• [EXERCISE DIRECTIONS]: What you return must be the exact lines of the material below, from the first through the one that has "и тёртый банан.", with no pictures and, please, nothing else.
BEGIN INPUT DATA
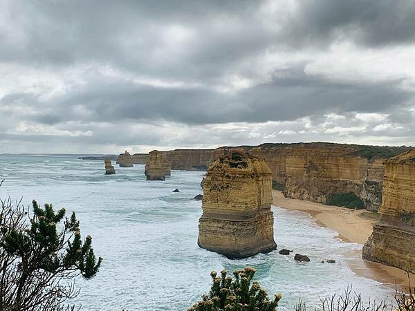 再次來到這世界上有名的十二門徒,探視著這天然景觀,澳洲最壯麗的海岸線奇景。一日遊裡,我們就隨意的遊走了鷹石、大洋路紀念拱橋Memorial Arch、午餐就在阿波羅灣Apollo Bay享用(其實多數人都會選擇Apollo Bay做爲午餐休息站,這裡有一整排的餐廳多樣化的異國料理或西餐供選擇)、吉布森臺階(Gibson Steps)、十二門徒(The Twelves Apostles)、在洛克阿德峽谷(Loch Ard Gorge)可以了解到當年沉船歷史、地質和海岸生態狀況,此峽谷是根據1878年的Loch Ard號船難被命名的,一定要從梯級走下去站在沙灘上平行拍照才美、之後的景點還有The Arch、以及倫敦橋London Bridge。
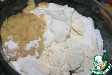 • Смешиваем блендером: творог, сливочный сыр, сметану, сахарную пудру и тёртый банан.
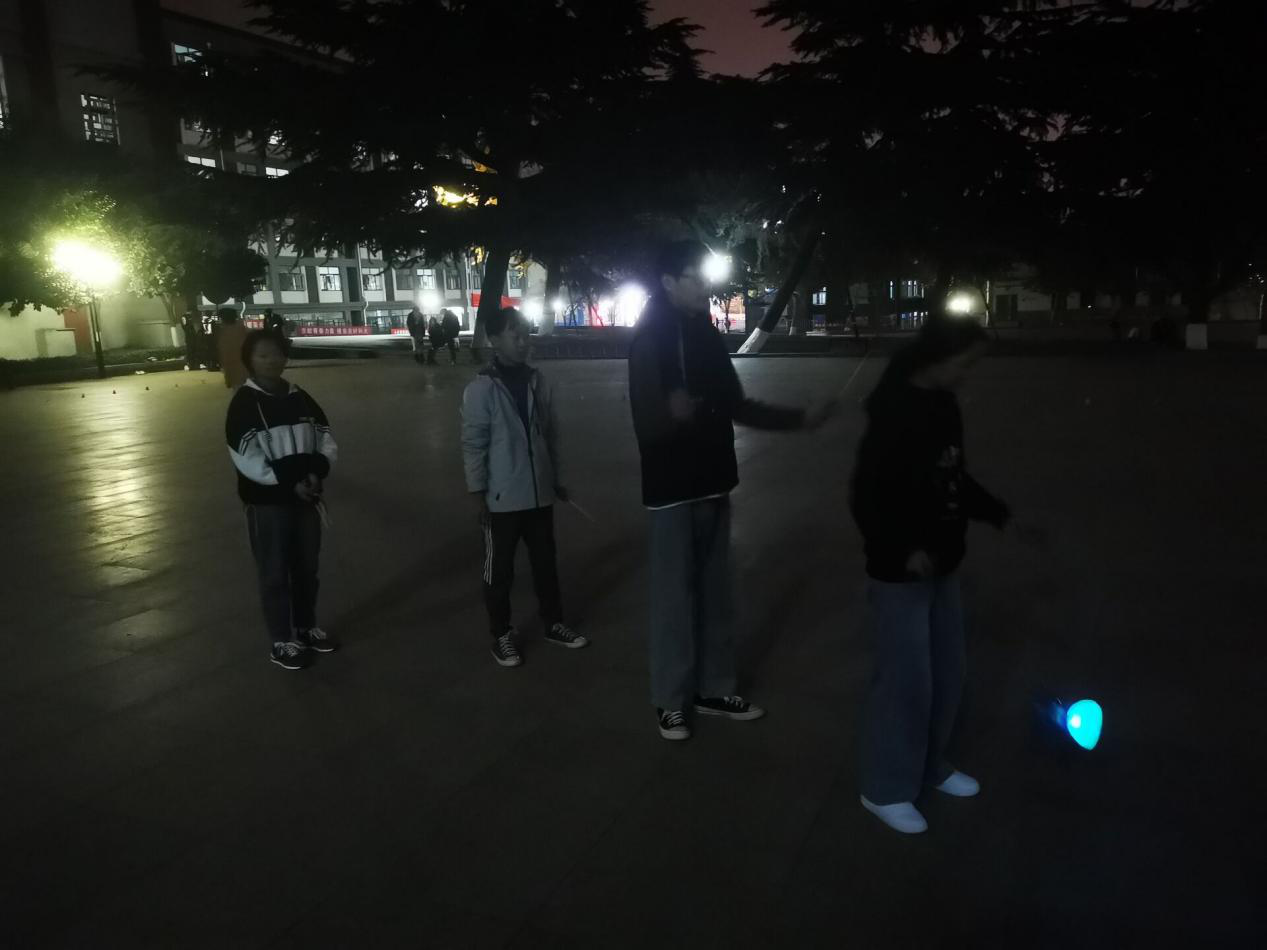 11月6日在东校园文化广场有一场特别的空竹比赛,不比谁的手法更娴熟,不比谁的动作更炫酷,而是比谁能把这个空竹“抖”出去。参赛人员按一列站开,由第一人起球,依次进行抛接,若犯规三次即为淘汰,直至决出一二三名。
END INPUT DATA
• [TASK RESULT]:
 再次來到這世界上有名的十二門徒,探視著這天然景觀,澳洲最壯麗的海岸線奇景。一日遊裡,我們就隨意的遊走了鷹石、大洋路紀念拱橋Memorial Arch、午餐就在阿波羅灣Apollo Bay享用(其實多數人都會選擇Apollo Bay做爲午餐休息站,這裡有一整排的餐廳多樣化的異國料理或西餐供選擇)、吉布森臺階(Gibson Steps)、十二門徒(The Twelves Apostles)、在洛克阿德峽谷(Loch Ard Gorge)可以了解到當年沉船歷史、地質和海岸生態狀況,此峽谷是根據1878年的Loch Ard號船難被命名的,一定要從梯級走下去站在沙灘上平行拍照才美、之後的景點還有The Arch、以及倫敦橋London Bridge。
 • Смешиваем блендером: творог, сливочный сыр, сметану, сахарную пудру и тёртый банан.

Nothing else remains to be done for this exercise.